Based on years of observation and study on historical seismic data, Chinese scholars calculated the occurrence ratio of various seismic sequences with Ms > 5.0 in the Chinese mainland from 1070 to 2004. Isolated seismic type, mainshock type, and multi-earthquake type account for 23%, 59%, and 18% respectively, indicating that 77% of earthquakes are accompanied by aftershocks (even strong ones). Wu et al. (1990) conducted statistical analysis of seismic data worldwide and found that the foreshock-mainshock type seismic sequence and mainshock-aftershock type seismic sequence accounted for 20–40% and 60–80%, respectively. After the mainshock occurs, the rock mass and the structure will be damaged to a certain extent.
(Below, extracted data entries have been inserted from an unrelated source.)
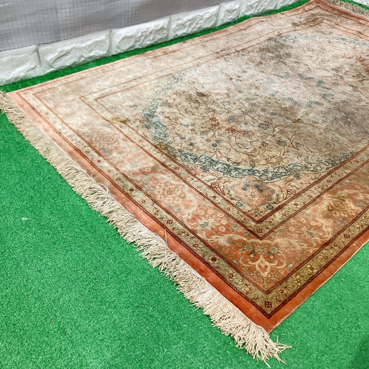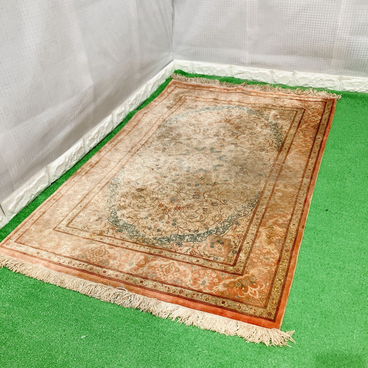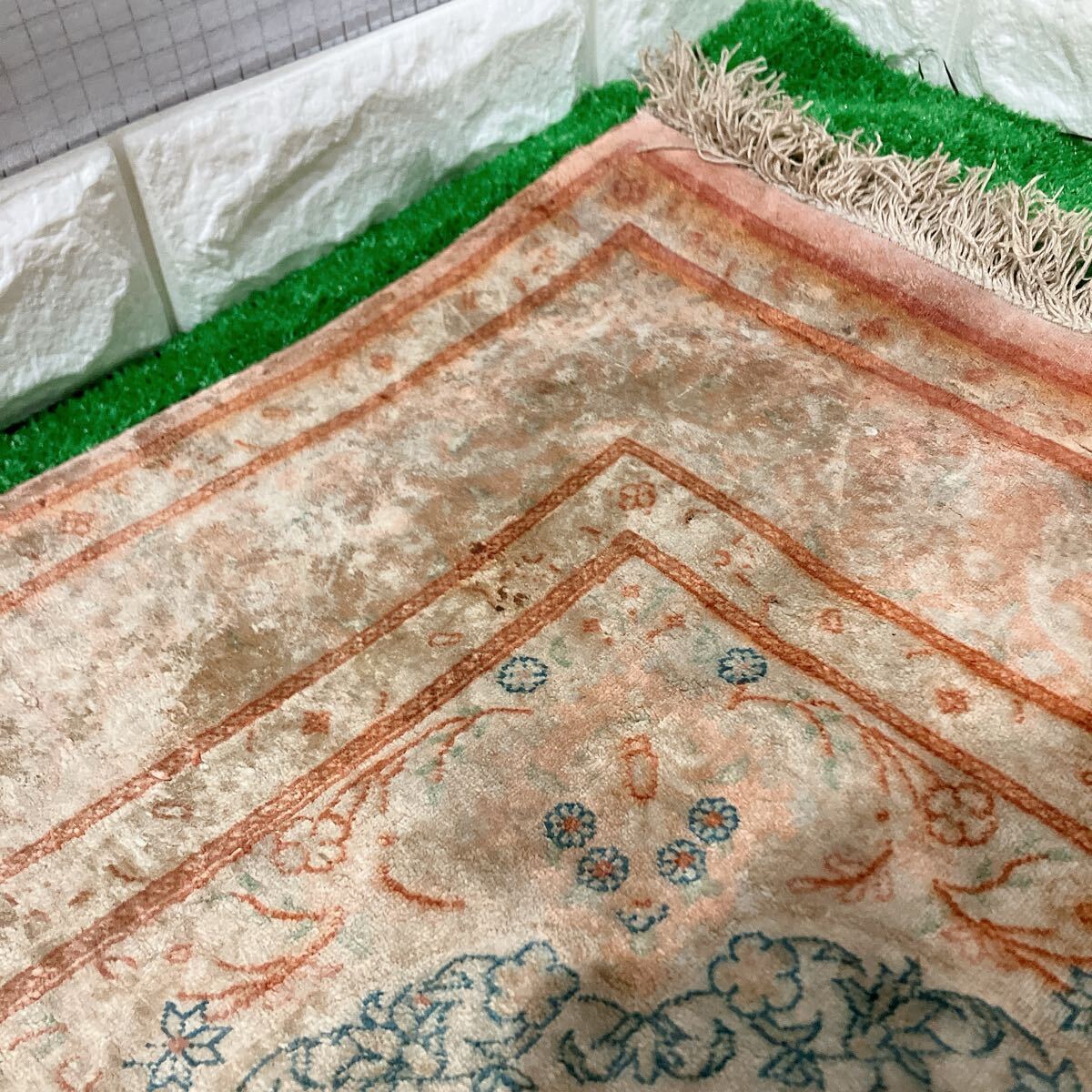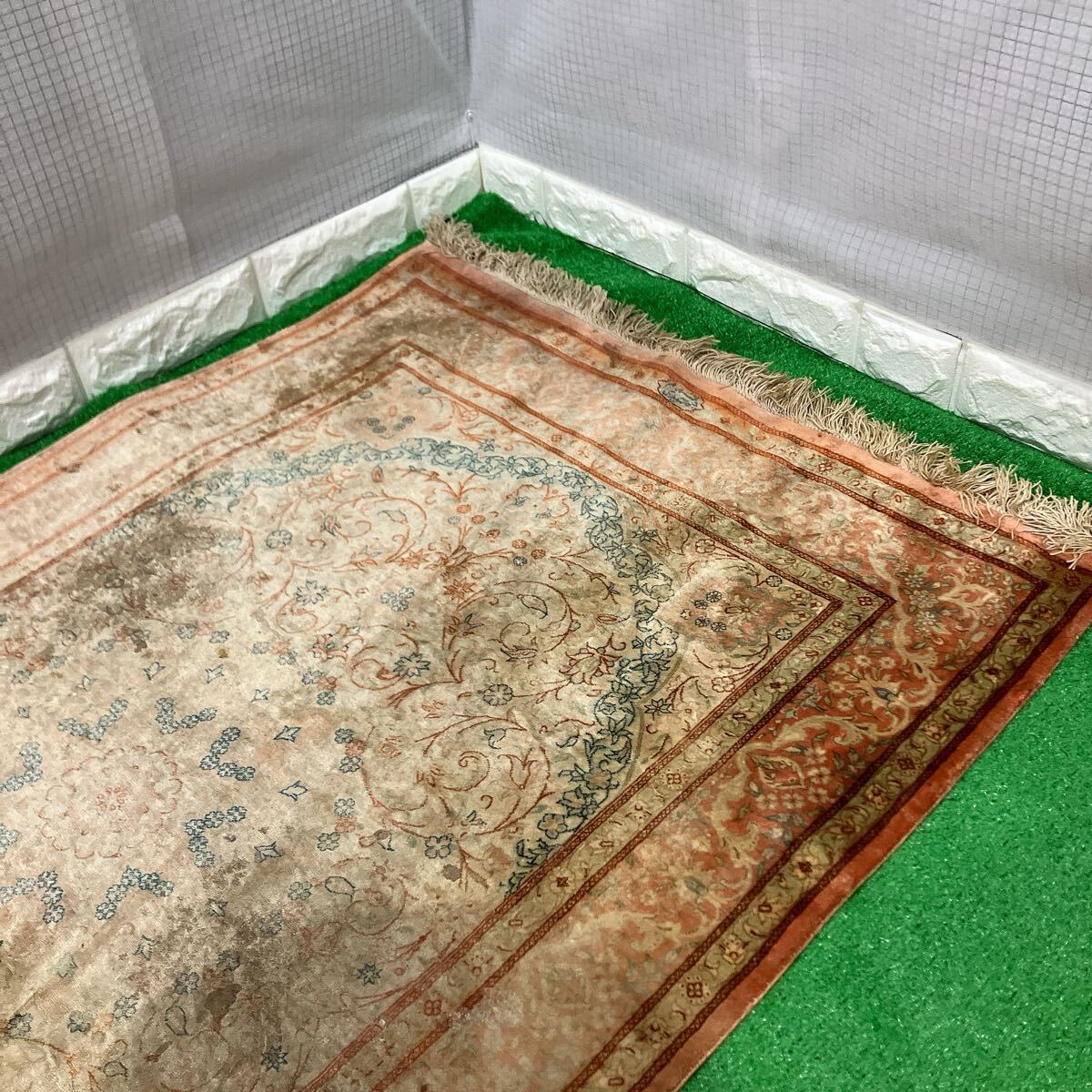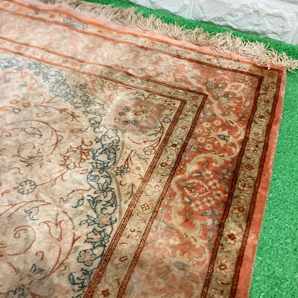 真贋済み ペルシャ絨毯 クム産 玄関マット ラグ イラン 手織り サイン入り カーペット 高級
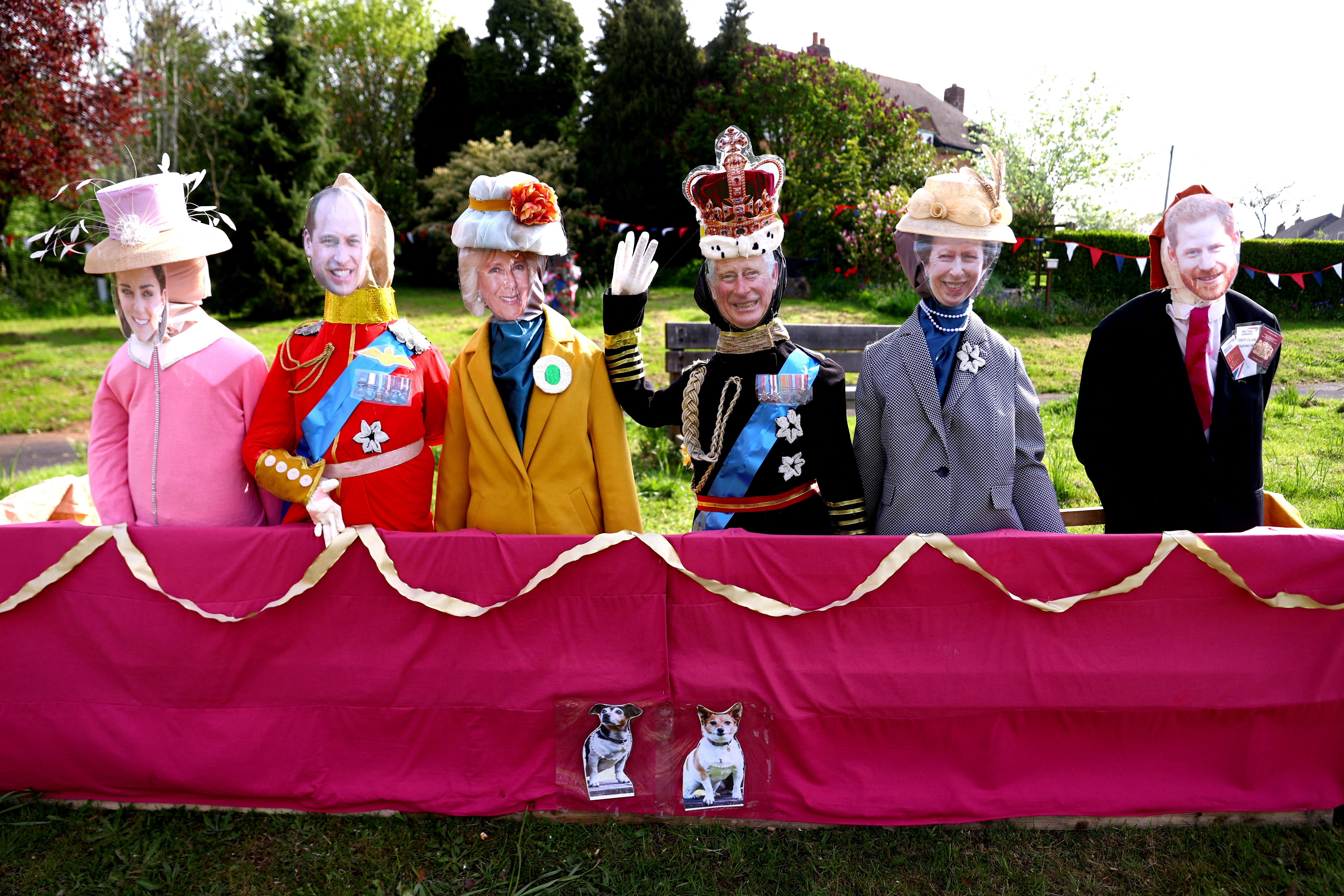 Britain's Royal Family scarecrows standing on a balcony are pictured in the village of Sheriffhales, Shifnal, Shropshire, Britain on May 4, 2023. (Photo by Carl Recine/Reuters)
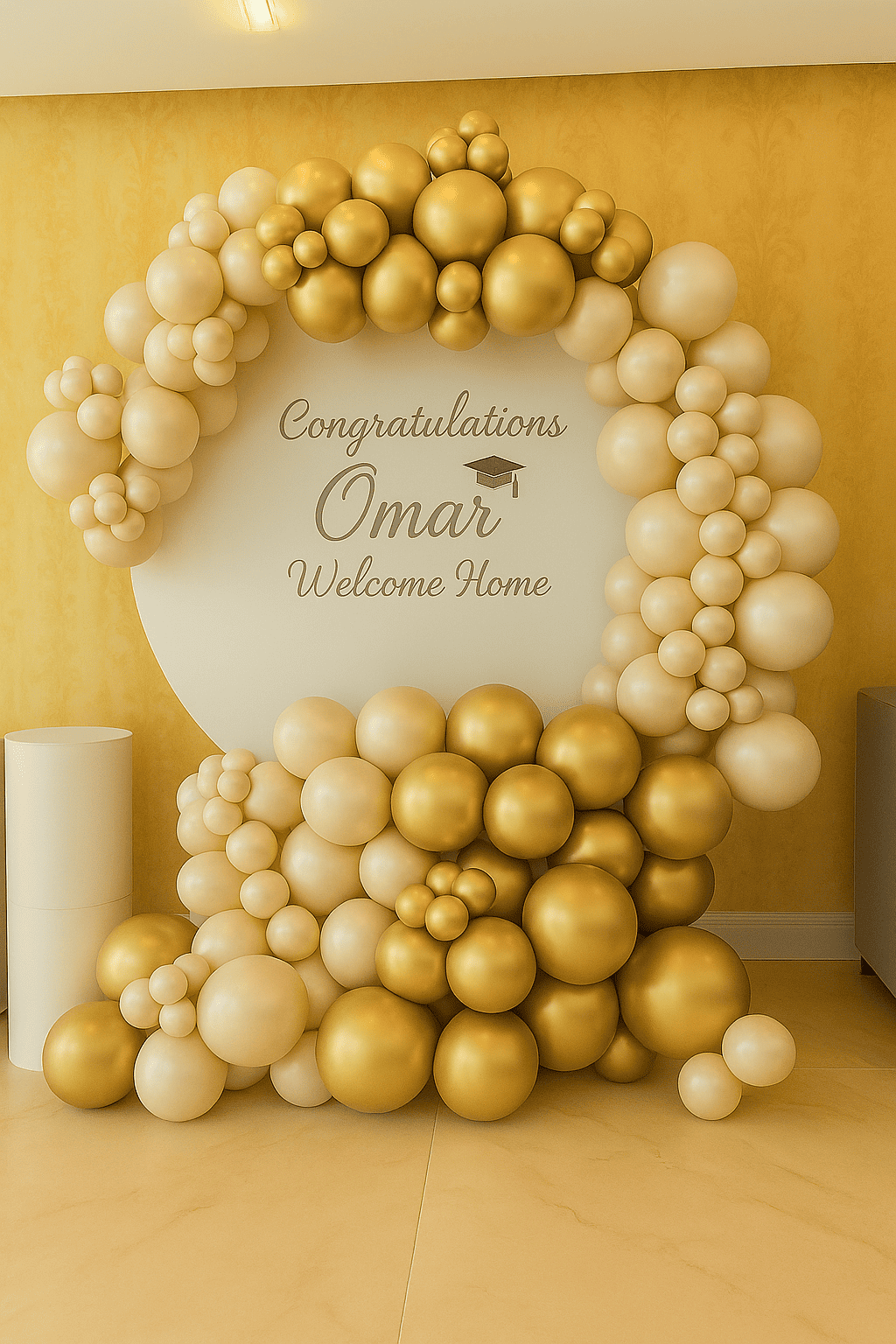 تنسيق راقٍ لحفل التخرج يتميز بقوس بالونات ذهبي وعاجي مع خلفية دائرية أنيقة. ديكور تخرج مثالي لاحتفال التخرج واستقبال الخريج وخلفية تصوير فخمة، ويضفي طابعًا مميزًا على حفل التخرج بأسلوب عصري.
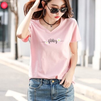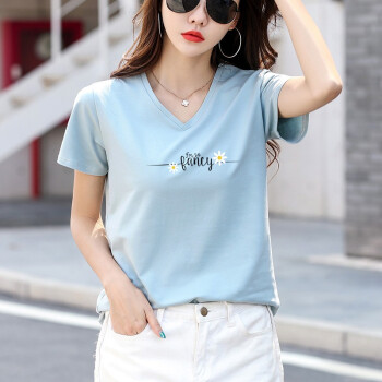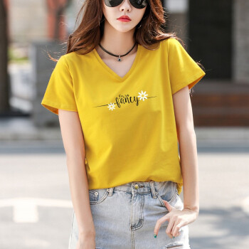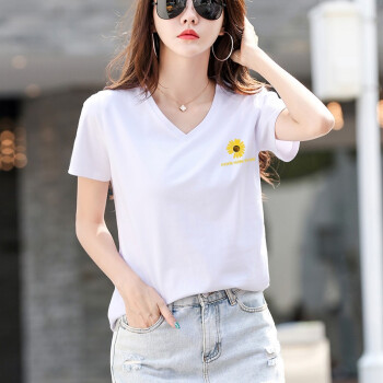 茵艾曼t恤女短袖宽松版2020夏季新款百搭韩版显瘦纯棉T恤女V领时尚网红潮小雏菊半袖体恤 7007V领白色 L《105-115斤》 |
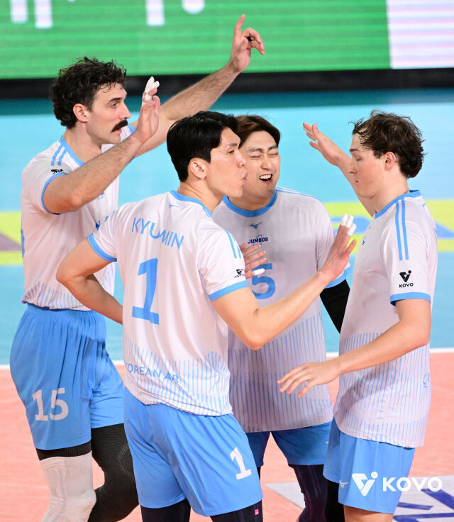 대한항공은 승점 63이 되면서 2위 현대캐피탈(승점 59)과의 간격을 4점으로 벌리며 선두를 질주했다.
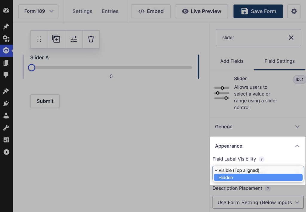 We’ve added the “Field Label Visibility” setting for Slider fields. Just one more dial you can twist to control the display of these slippery fields. 💦
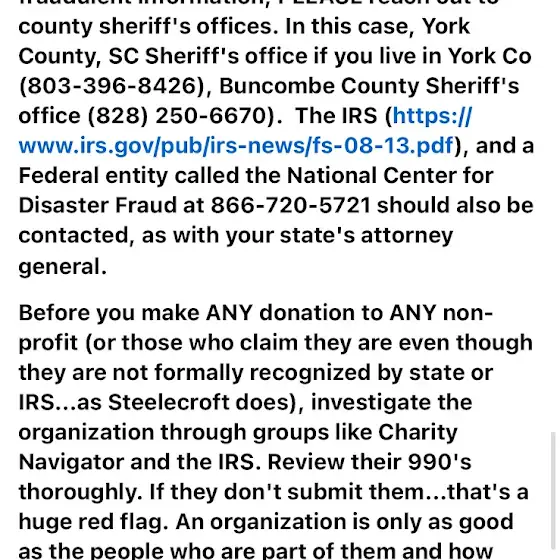 My silence doesn’t mean everything was fixed in WNC. We actually have more needs coming in every day.
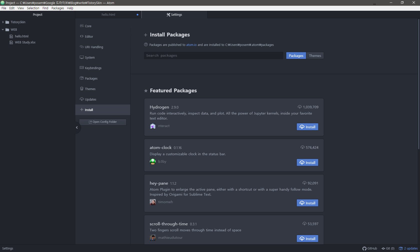 그래서 ATOM에 HTML Preview기능을 설치하기로 했습니다.
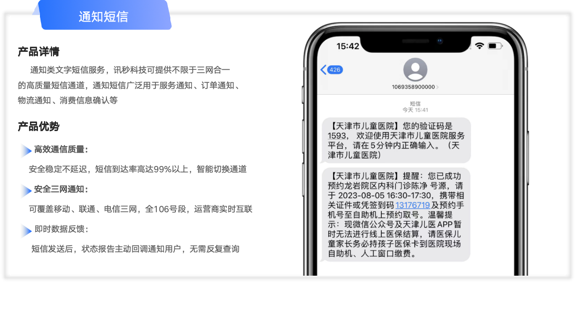 为企业提供向用户实时发送订单状态、会议通知、物流信息、动账提醒、政务提示等各类通知信息的服务,搭建B2C即时沟通的桥梁,优化用户体验,为企业提升运营效率提供有力支撑。
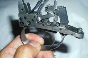 トリガー機構が外せる機種では、トリガーをはずし、部品の状態を目視確認後、軽くオイルを吹き付けておく。またレシーバー内部ではロッキングレバーのリンク部分にあるリターンスプリングや、撃針部分をチェックしておく。この部分の潤滑はスプリングなどに少量のオイルを直接触れずに給油しておく。なお各スプリングに変色や錆がわずかでも出ているようなら、いずれそこから折れてしまうので、思いきって交換に出しましょう。
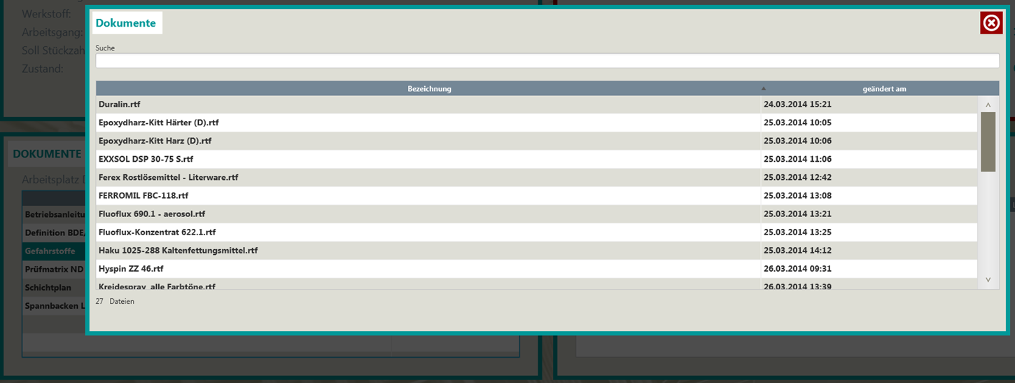 Wenn der Eintrag auf einen Ordner verlinkt ist, wird ein weiterer Auswahldialog angezeigt mit allen Dokumenten in diesem Ordner. Über das Eingabefeld "Suche" kann nach bestimmten Dokumenten gefiltert werden. Doppelklick öffnet das Dokument.
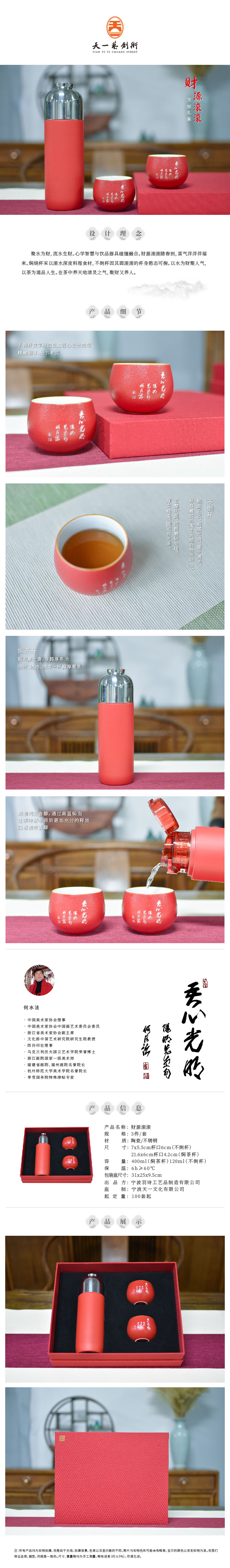 羽诗制造出品 财源滚滚套装焖茶杯不倒杯文创礼盒

However, foreshock sequence or aftershock sequence can further accumulate damage to the rock mass and structure, thereby deepening the degree of earthquake damage (Xiao et al. 2022), which suggests the nonnegligible influence of seismic sequence on rock mass and structure (Yang et al. 2021).

Mahin (1980), Amadio et al. (2003), Lee and Foutch (2004), Hatzigeorgiou and Liolios (2010), and other scholars studied the dynamic response of nonlinear single degree of freedom system, elastic stiffness model, and RC frame structure model under the main-aftershock seismic sequence by means of theoretical analysis and model test, and revealed the influence of sequential earthquakes on dynamic damage of different system models. Krawinkler and Zhorei (1983), Krawinkler and Nassar (1992), Kachanov (1958), Kachanov and Krajcinovic (1986), Rabotnov (1963), Lemaitre (1971), and Krajcinovic (1989) proposed damage evaluation methods and technical indexes applicable to elastic, elastic plastic, and plastic materials based on the theory of damage mechanics. Starting from the macroscopic performance indexes of materials, components and structures, Shen and Dong (1997), Park and Ang (1985), Kato and Akiyama (1975), Satish (1994), and Gosain et al. (1977) established a damage theory model based on theoretical analysis. Ruiz-García and Negrete-Manriquez (2011), Liolios et al. (2013), Goda and Salami (2014), and Ludovico et al. (2013) studied the nonlinear response of steel frame structure model, continuous beam bridge structure model, and wood frame structure model through theoretical analysis, numerical calculation, and model test, and obtained the nonlinear response and structural damage index under different combinations of seismic sequences. Taken together, there are four main methods to study earthquake sequence and structural damage analysis: prototype observation, model test, theoretical analysis, and numerical calculation. The mainshock is typically accompanied by strong aftershocks, resulting in further structural damage.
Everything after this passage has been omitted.